You’ve studied sorting before in CSC108; all of the basic sorting algorithms you probably saw—bubblesort, selection sort, insertion sort—were iterative, meaning they involved multiple loops through the list.[1] You probably also talked about how their running time was quadratic in the size of the list, so each of these algorithms sorts a list of size \(n\) in \(O(n^2)\) steps. (Why? Briefly, each involves \(n\) different loops, where each loop has between 1 and \(n\) iterations, and \(1 + 2 + 3 + \cdots + n = \frac{n(n+1)}{2}\).)
In this lecture, we’re going to use recursion to develop two faster sorting algorithms, mergesort and quicksort. These are both recursive divide-and-conquer algorithms, which is a general class of algorithms that use the following steps:
Split up the input into two or more parts.
Recurse on each part separately.
Combine the results of the previous step into a single result.
Where these two algorithms differ is in the splitting and combining: mergesort does the “hard” (algorithmically complex) work in the combine step, and quicksort does it in the divide step.
Mergesort#
The first algorithm we’ll study is called mergesort, and takes the “divide-and-conquer” philosophy very literally. The basic idea of this algorithm is that it divides its input list into two halves, recursively sorts each half, and then merges each sorted half into the final sorted list.

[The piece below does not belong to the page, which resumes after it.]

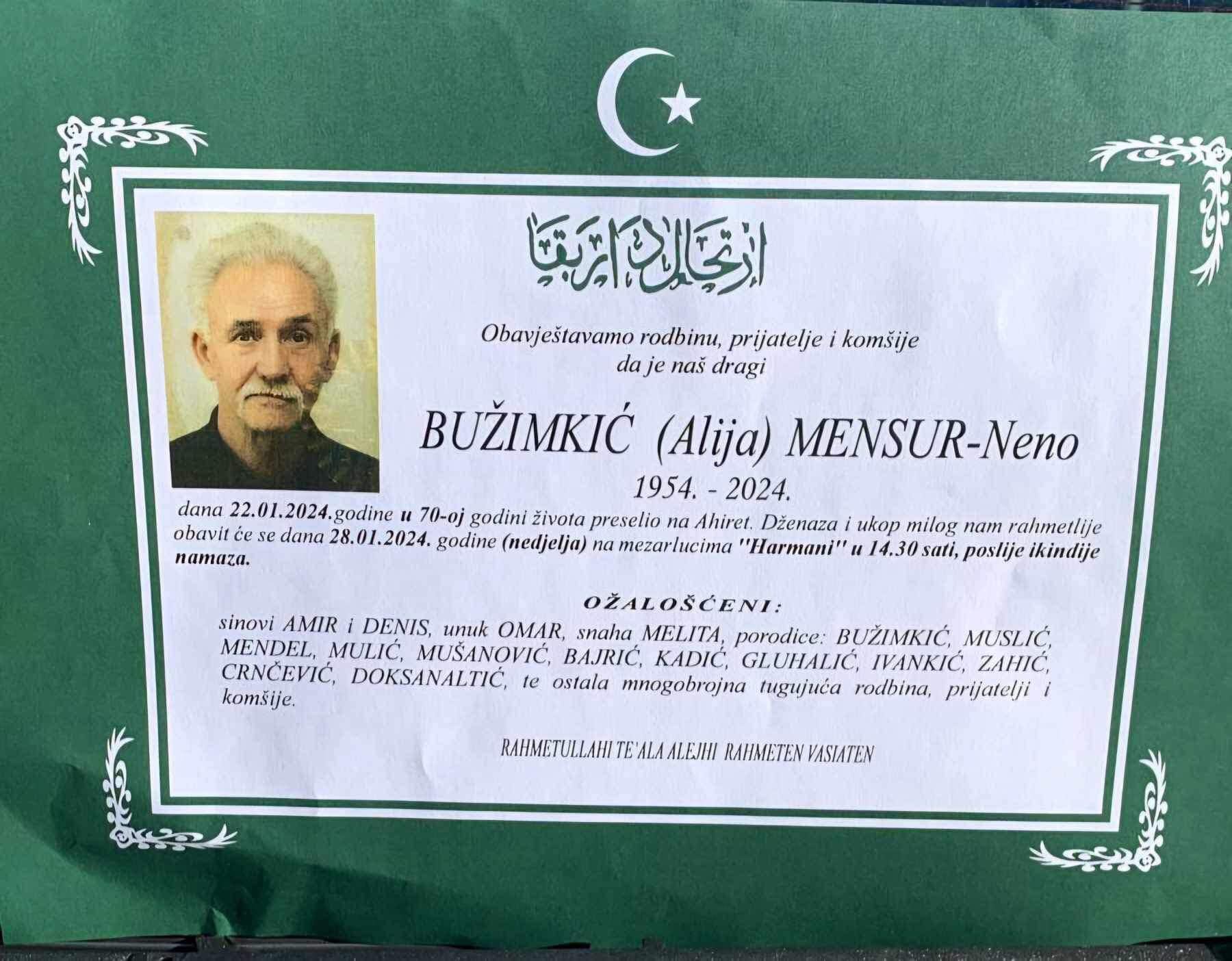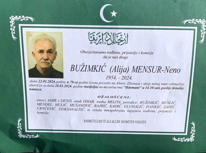 Tuznim srcem javljamo rodbini, prijateljima i poznanicima zalosnu vijest da nam je nas dragi Bužimkić (Alija) Mensur-Neno, dana 22.01.2024 godine u 70-oj godini na Ahiret preselio.

def mergesort(lst: list) -> list:
"""Return a sorted list with the same elements as <lst>.
This is a *non-mutating* version of mergesort; it does not mutate the
input list.
"""
if len(lst) < 2:
return lst[:]
else:
# Divide the list into two parts, and sort them recursively.
mid = len(lst) // 2
left_sorted = mergesort(lst[:mid])
right_sorted = mergesort(lst[mid:])
# Merge the two sorted halves.
return _merge(left_sorted, right_sorted)
The merge operation#
While this code looks very straightforward, we’ve hidden the main complexity in the helper function _merge
, which needs to take two lists and combine them into one sorted list.
For two arbitrary lists, there isn’t an “efficient” way of combining them.[2] For example, the first element of the returned list should be the minimum value in either list, and to find this value we’d need to iterate through each element in both lists.
But if we assume that the two lists are sorted, this changes things dramatically.
For example, to find the minimum item of lst1
and lst2
when both lists are sorted, we only need to compare lst1[0]
and lst2[0]
, since the minimum must be one of these two values.
We can generalize this idea so that after every comparison we make, we can add a new element to the sorted list.
This is the key insight that makes the _merge
operation efficient, and which gives the algorithm mergesort
its name.
def _merge(lst1: list, lst2: list) -> list:
"""Return a sorted list with the elements in <lst1> and <lst2>.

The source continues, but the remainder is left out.